Over two million passwords has been exposed by Wi-Fi-Hotspot Finder app

Android app used for finding nearby Wi-Fi hotspots has uncovered over two million wireless networks. The app allows users to locate nearby public Wi-Fi hotspots so they can save their precious mobile data.

Users can also upload their own Wi-Fi passwords to the app’s database to share their network with others. It appears that over two million Wi-Fi network passwords were stored in plain text on a server, letting anyone download the database.

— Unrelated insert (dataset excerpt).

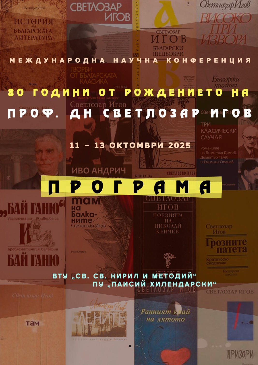 Катедрата по история на литературата и сравнителното литературознание към Филологическия факултет на Пловдивския университет "Паисий Хилендарски" организира Международна конференция, посветена на 80-годишнината от рождението на изтъкнатия литературен критик, историк, писател и преводач проф. Светлозар Игов (1945–2023).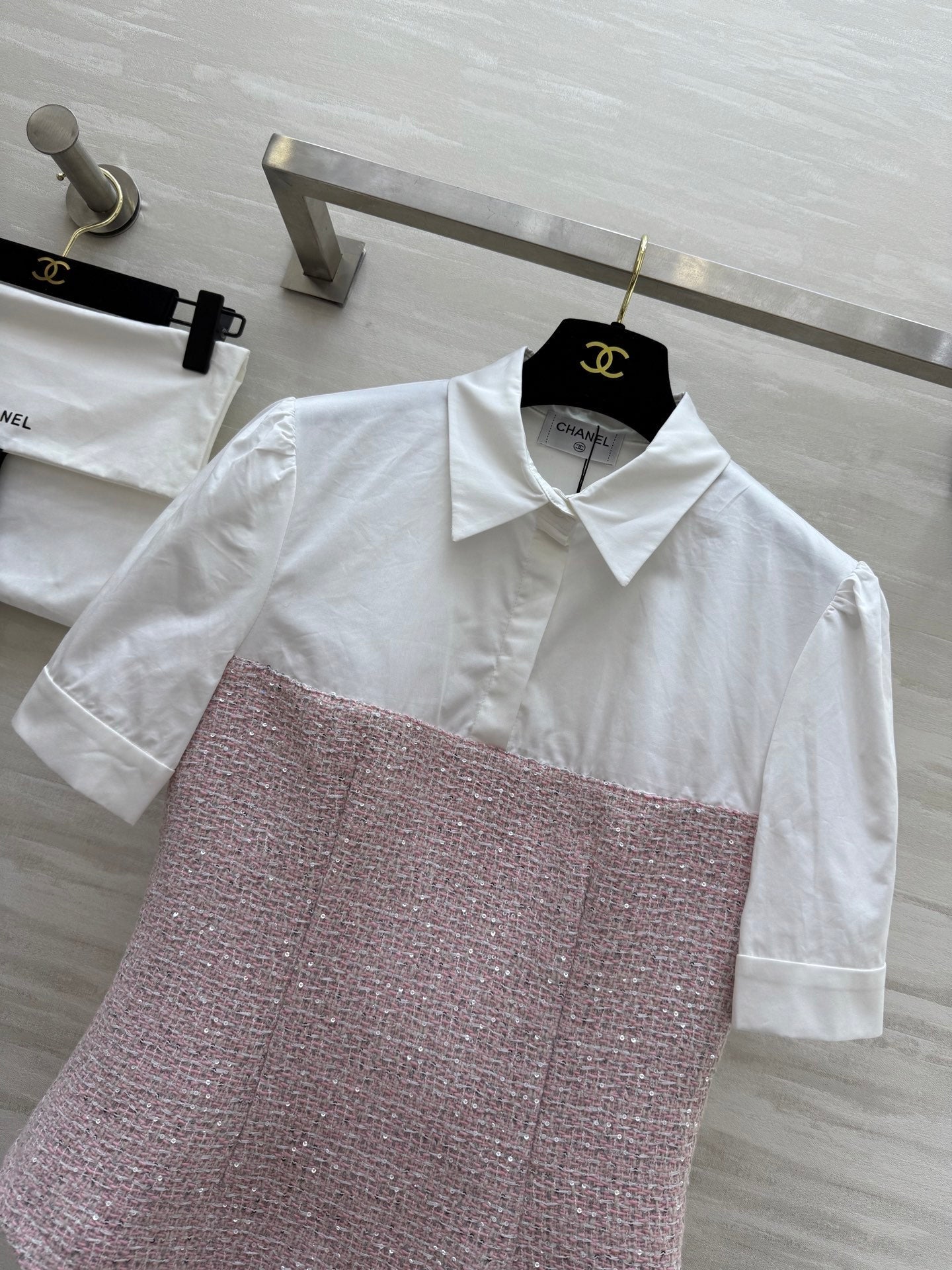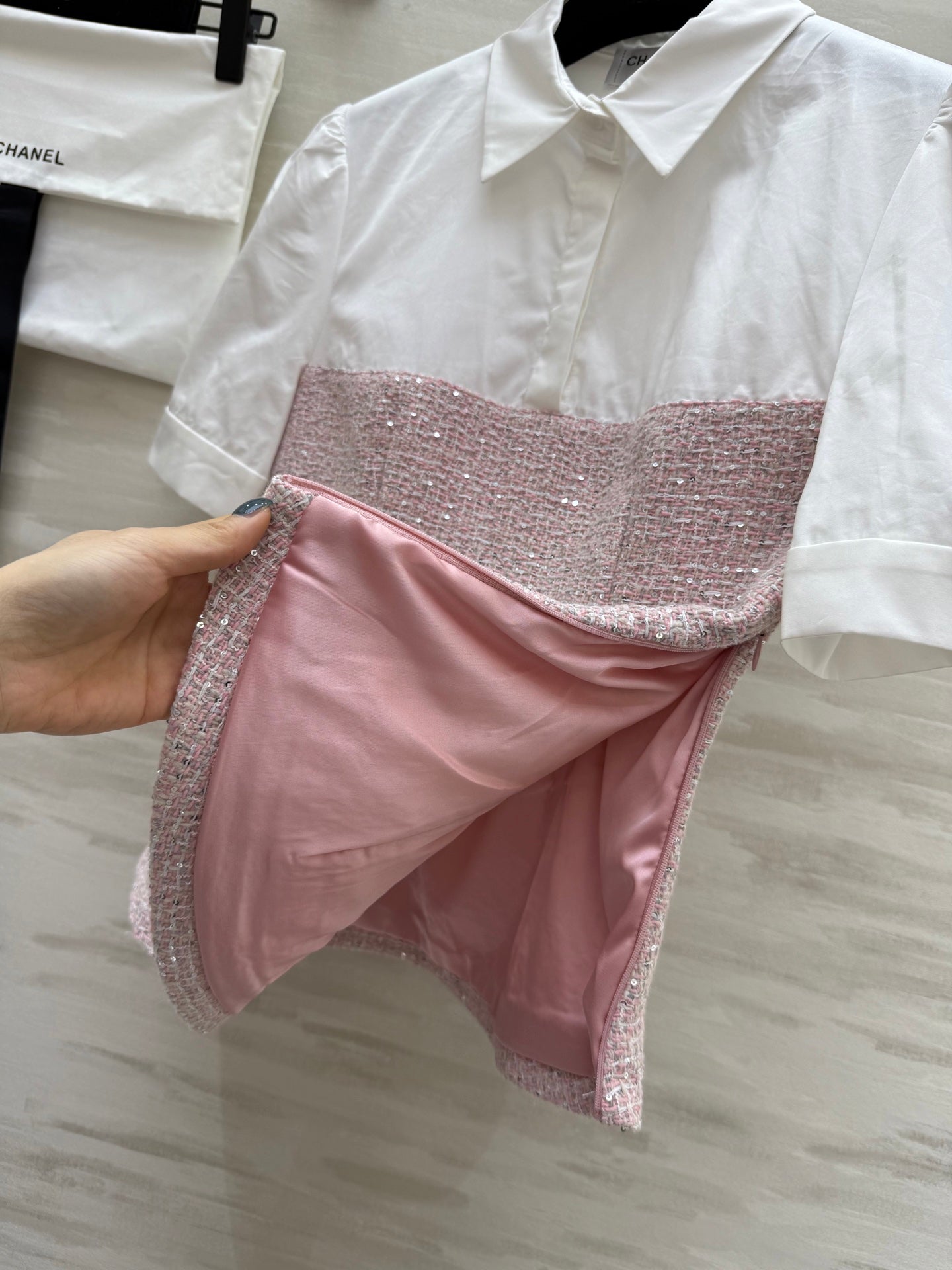 CC 25 Short Sleeved Tweed Pink Tweed Fabric

An Android app based in China had collected more than two million Wi-Fi passwords from users across the globe. The app called ‘WiFi Finder’ has over 100,000 users, according to its listing on the Google Play Store.

This database of Wi-Fi networks includes the network name, geolocation data, and passwords stored in plain text, apart from other details.

WiFi Hotspot Finder claims to offer public Wi-Fi hotspot details to its users, but it seems like the app has also been collecting passwords to home networks in residential areas.

The app lists hundreds of Indian personal Wi-Fi networks as well. One can easily navigate across a map and locate Wi-Fi networks with passwords presented in plain text. The owner of the Wi-Fi network doesn’t need to grant users any additional permissions. It’s likely that all these users uploaded their private Wi-Fi networks via the app.

If someone gets access to your network, they can easily modify your router’s settings, read unencrypted traffic on your network, switch DNS servers, and more.